Part VII introduced commodities and their relation to equities over the business cycle, drawing on research done by the National Bureau of Economic Research (NBER). This part will focus on obtaining a basic understanding of the commodities themselves.
The publicly traded commodities can be classified into agricultural & livestock, energy, industrial metals, precious metals and timber.
Agriculture & Livestock
The major price movers in this space are weather-related events and changes in government policies. Coffee was lifted out of a three year bear market in early 2014 when a drought hit Brazil, the producer of 40% of the world’s coffee beans; it gained 117% in just six months. Sugar prices are heavily influenced by the trade barriers enacted in US and Europe. Some countries ban agricultural exports altogether. Major moves happen quite frequently in this space. Understanding these commodities and competing with the professional traders and speculators is out of the question. A better way to play this space would be through ETFs tracking agricultural commodities and their producers.
The most popular commodity is crude oil. Natural gas and ethanol are also traded, but as with the agricultural commodities, understanding their price movements is better left to the professional traders and speculators. It might surprise a few people to know that electricity is also traded via an electricity exchange, but again, this market is best left alone, which leaves us with crude oil.

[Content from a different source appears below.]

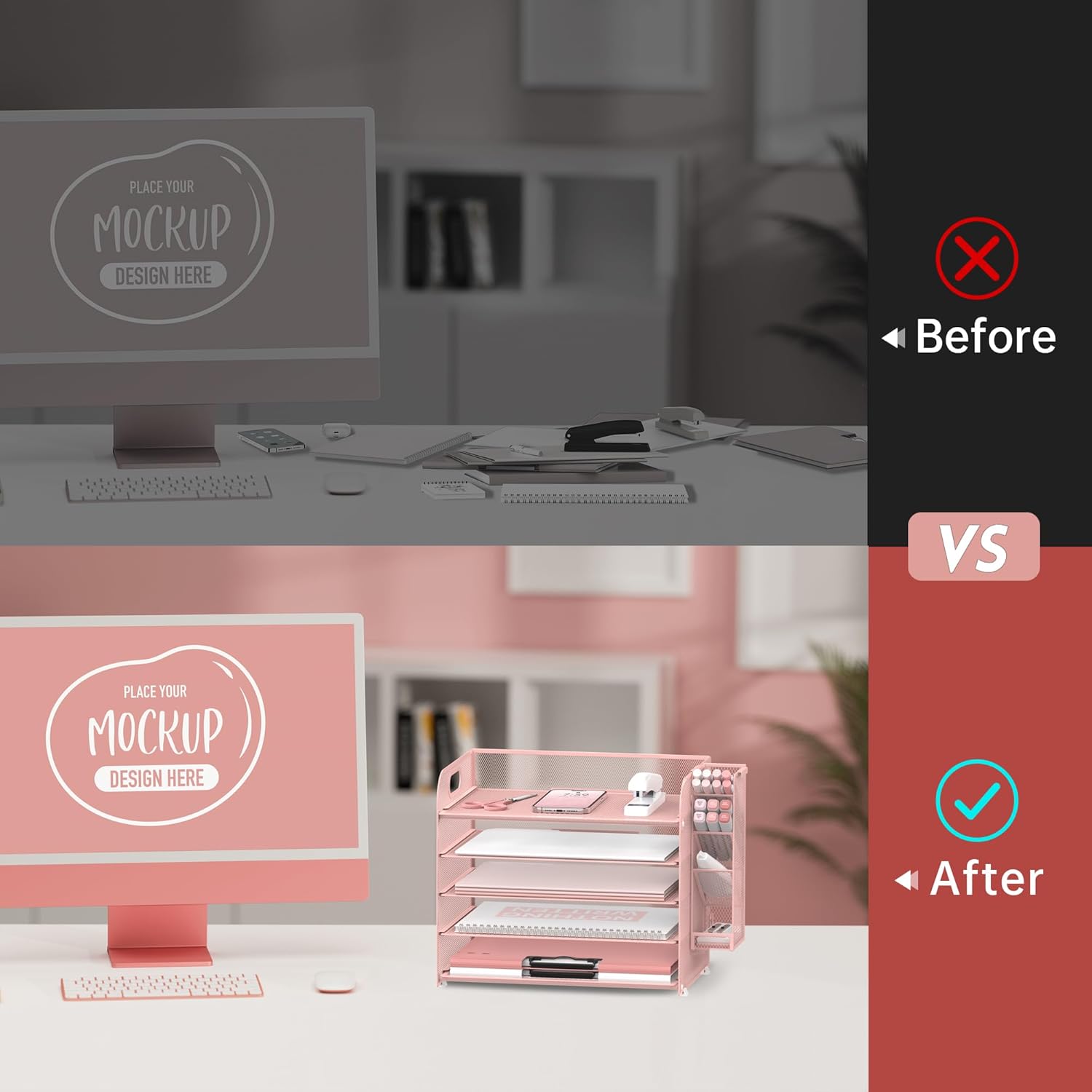 - [5 Tier Large Capacity] Upgraded SUPEASY pink desk organizer is 4+1 tier paper tray organizer. This pink paper organizer has 4 detachable trays which is perfect for holding letters, A4 paper, books, bills, magazines, mails, folders, notebooks and so on. The desk organizers can fully take advantage of your vertical space and keep your desktop clear and tidy.

Crude oil is not a commodity per se. There are variants depending on sulphur content and API gravity. API gravity is a measure of how light or heavy the crude oil is compared to water. Oil with low API gravity and high sulphur content is considered to be heavy oil, and oil with high API gravity and low sulphur content is considered to be light. Refineries are geared to refine a specific kind of crude oil; they cannot freely alternate between different types of crude oil. Oil prices quoted in the media refer to either WTI or Brent crude oil.

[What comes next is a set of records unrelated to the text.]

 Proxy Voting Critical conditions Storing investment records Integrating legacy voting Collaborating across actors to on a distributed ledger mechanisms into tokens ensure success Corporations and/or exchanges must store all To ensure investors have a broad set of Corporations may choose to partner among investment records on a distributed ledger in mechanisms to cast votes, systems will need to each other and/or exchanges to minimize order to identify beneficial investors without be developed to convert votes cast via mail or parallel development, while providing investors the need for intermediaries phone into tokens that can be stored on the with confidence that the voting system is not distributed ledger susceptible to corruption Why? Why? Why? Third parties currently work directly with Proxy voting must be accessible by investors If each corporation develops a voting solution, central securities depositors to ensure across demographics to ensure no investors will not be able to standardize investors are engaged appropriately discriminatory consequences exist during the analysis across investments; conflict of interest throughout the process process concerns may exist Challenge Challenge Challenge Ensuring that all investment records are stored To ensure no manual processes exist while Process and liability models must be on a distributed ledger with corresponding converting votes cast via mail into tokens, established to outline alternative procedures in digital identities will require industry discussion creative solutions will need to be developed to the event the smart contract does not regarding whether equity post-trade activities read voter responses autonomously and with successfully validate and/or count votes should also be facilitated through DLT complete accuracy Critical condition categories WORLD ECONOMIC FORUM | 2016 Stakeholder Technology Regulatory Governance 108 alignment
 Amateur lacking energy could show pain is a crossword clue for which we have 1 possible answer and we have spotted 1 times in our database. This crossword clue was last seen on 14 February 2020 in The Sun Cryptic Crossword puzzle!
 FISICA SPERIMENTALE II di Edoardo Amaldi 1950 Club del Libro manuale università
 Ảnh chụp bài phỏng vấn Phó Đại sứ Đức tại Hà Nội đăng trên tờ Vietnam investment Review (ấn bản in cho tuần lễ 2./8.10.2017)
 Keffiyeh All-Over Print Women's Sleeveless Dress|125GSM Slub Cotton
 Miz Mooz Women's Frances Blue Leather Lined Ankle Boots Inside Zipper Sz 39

Copper is the most watched industrial metal. Copper prices indirectly signal the health of the global economy. A plunging copper price is a leading indicator of a recession. The other industrial metals traded are lead, zinc, nickel, molybdenum, aluminium, nickel, and cobalt.
Gold, silver and the Platinum Group Metals (PGMs) are classified as precious metals. The PGMs are a set of six metallic elements clustered together in the periodic table. Chemistry lesson aside, these are: ruthenium, rhodium, palladium, osmium, iridium and platinum. While it is possible to invest in all of them, we’ll stick to understanding just platinum and palladium. A key use for platinum and palladium is in catalytic converters in cars for pollution control. Platinum has also seen increased use in jewellery.
Gold and silver have several millennia of history as money. It was only in recent times that they were relegated from that role. Today, silver is more of an industrial metal with some investment demand, and its price fluctuations can be attributed to industrial demand factors, while gold is still mostly viewed as an investment and its price depends on investor sentiment.
The ETFs in this space track the companies engaged in the timber industry rather than the commodity itself. It is another commodity best left to the professionals.
In subsequent articles, we will explore certain commodities (oil, copper, gold, silver, platinum and palladium) in some depth, and armed with that understanding, take a look at various ways to invest in this space.